- Data for this task
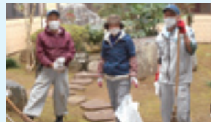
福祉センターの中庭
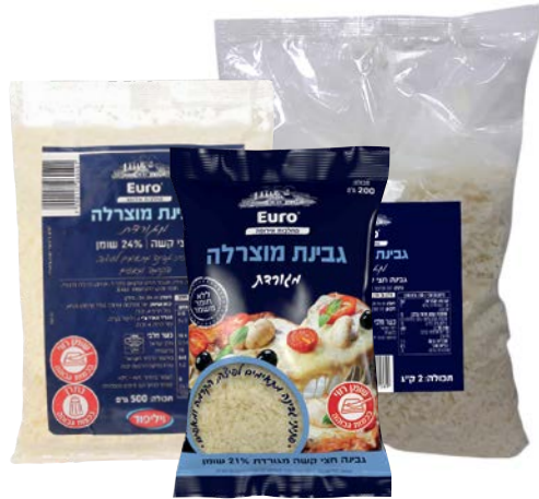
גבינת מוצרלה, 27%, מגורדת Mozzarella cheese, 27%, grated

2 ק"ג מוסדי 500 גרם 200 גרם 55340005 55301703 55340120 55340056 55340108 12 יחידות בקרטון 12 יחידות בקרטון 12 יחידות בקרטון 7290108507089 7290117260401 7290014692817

--

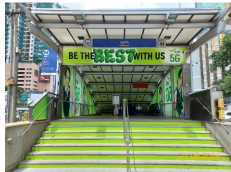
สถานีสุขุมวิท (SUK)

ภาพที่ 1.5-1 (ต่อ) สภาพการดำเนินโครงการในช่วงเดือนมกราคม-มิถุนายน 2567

--

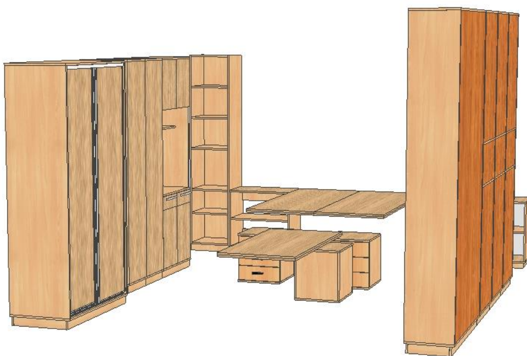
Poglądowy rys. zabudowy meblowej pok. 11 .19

- Exercise
Would you print exactly, and only, the lines of the data above from the line with "גבינת מוצרלה, 27%, מגורדת" through the line with "7290108507089 7290117260401 7290014692817", inclusive?

- Exercise answer
גבינת מוצרלה, 27%, מגורדת Mozzarella cheese, 27%, grated

2 ק"ג מוסדי 500 גרם 200 גרם 55340005 55301703 55340120 55340056 55340108 12 יחידות בקרטון 12 יחידות בקרטון 12 יחידות בקרטון 7290108507089 7290117260401 7290014692817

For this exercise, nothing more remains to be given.